The Credit Division also continued to deal with complaints involving telecommunications credit products. These disputes typically involved contractual terms, allocation of payments, overcharging reversals, paid-up letters, and failures to update credit bureau records.
Overall, the complaints suggest that many consumers are struggling not only with debt, but also with understanding how credit agreements, collection processes, and credit reporting systems operate.
The report notes that many consumers who approach the Credit Division are financially stressed and may not fully appreciate the implications of the credit they take on. Complaints involving prescription, alleged reckless lending, collection processes, and credit bureau records all point to the challenges consumers face when trying to navigate increasingly complex credit arrangements.
At the same time, a number of disputes involved consumers who believed accounts had been settled, questioned balances claimed by credit providers, or challenged information recorded on their credit profiles. These complaints highlight the importance of clear communication, accurate record-keeping, and responsible lending practices.
Many of these complaint themes are familiar to the industry, but the report points to a notable shift in one area.
A changing complaints landscape
Credit disputes are increasingly reflecting the same digital risks that have transformed complaints in the banking sector.
Read: Banking complaints surge as fraudsters follow customers online
According to the NFO, fraud-related complaints increased noticeably during 2025.
These included card-not-present transactions linked to vishing scams, as well as the unauthorised use of card details and one-time passwords.
The report says these matters often required more intensive investigation and engagement, reflecting the changing risks facing consumers in the credit market.
The trend was particularly evident in store-card and telecommunications-related complaints, where fraud, unauthorised transactions, and service-related disputes are becoming increasingly prominent.
Historically, most credit disputes involved familiar issues such as affordability assessments, debt collection practices, and credit bureau records.
“It also reflects the changing risks faced by consumers in the credit market and confirms that the role of the Credit Ombud is evolving – moving from primarily handling contract disputes to increasingly protecting consumers from the very real and growing impact of financial crime.”
Industry engagement
Resolving individual complaints is only part of the ombud’s role.
The report says the Credit Division engaged extensively with credit providers and industry stakeholders during the year to address recurring complaint themes and process-related shortcomings identified through case investigations.
These engagements focused on improving early-stage complaint resolution, reducing unnecessary escalations, and ensuring greater alignment with the NFO’s rules.
As a result, participants committed to reviewing and refining internal processes relating to account closures, affordability assessments, complaint escalation mechanisms, and credit bureau reporting.
The NFO said these engagements contributed to improved responsiveness and greater consistency in complaint handling.
Participant engagement remained strong throughout the year, with all major credit providers continuing to participate in the ombud process.
A growing role
The figures point to a division whose role is becoming increasingly important within South Africa’s financial services landscape.

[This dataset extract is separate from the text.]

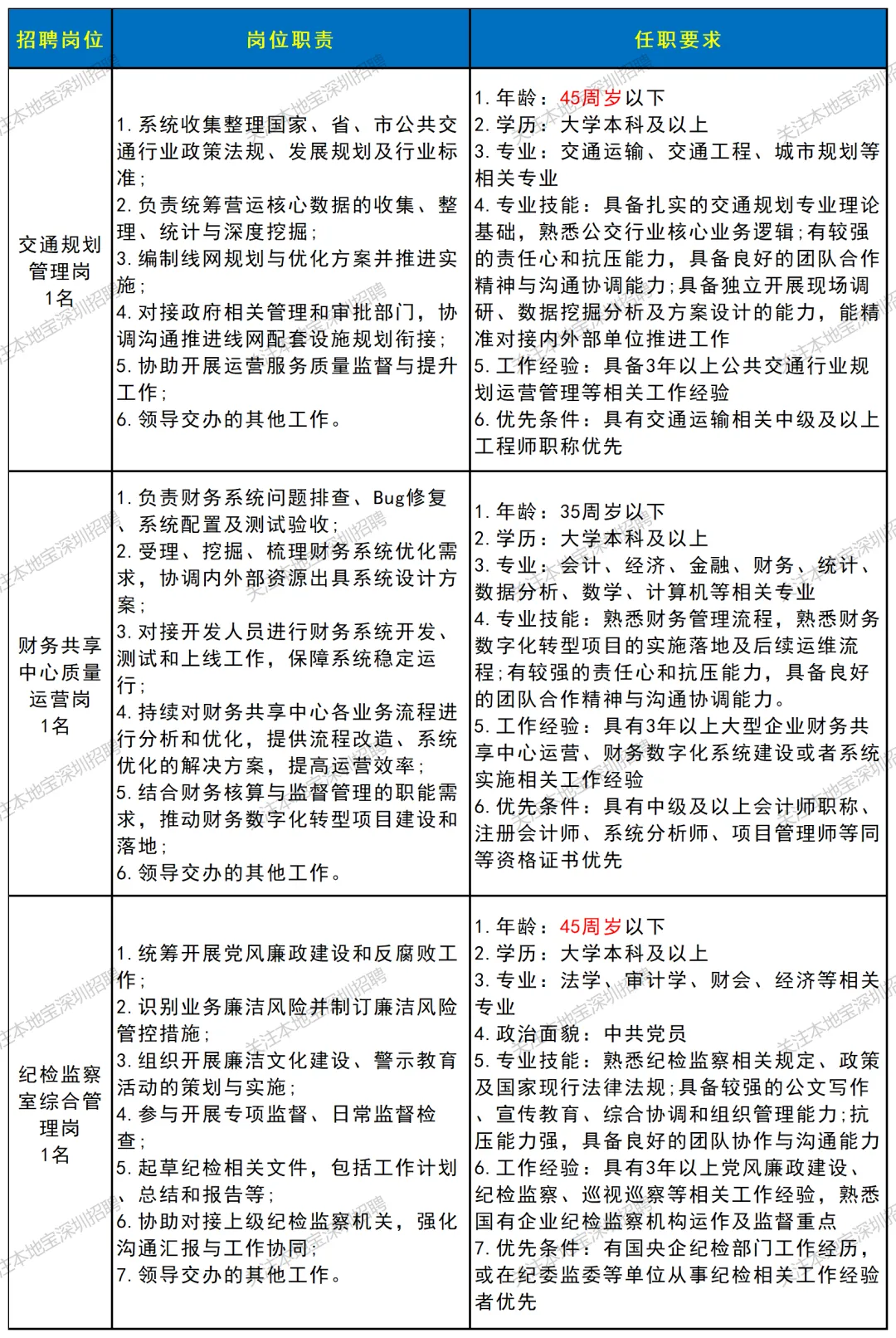 招聘财务共享中心质量运营岗、交通规划管理岗、纪检监察综合管理岗,一共3人,具体要求如下图所示

More consumers are becoming aware of the ombud’s services and are willing to seek assistance when disputes arise. At the same time, the division is handling larger volumes, recovering more money for consumers, resolving matters faster, and securing favourable outcomes in a significant proportion of cases.
As complaint volumes continue to rise and financial crime becomes a growing feature of the credit landscape, the role of the credit ombud appears to be expanding well beyond its traditional focus on contractual disputes.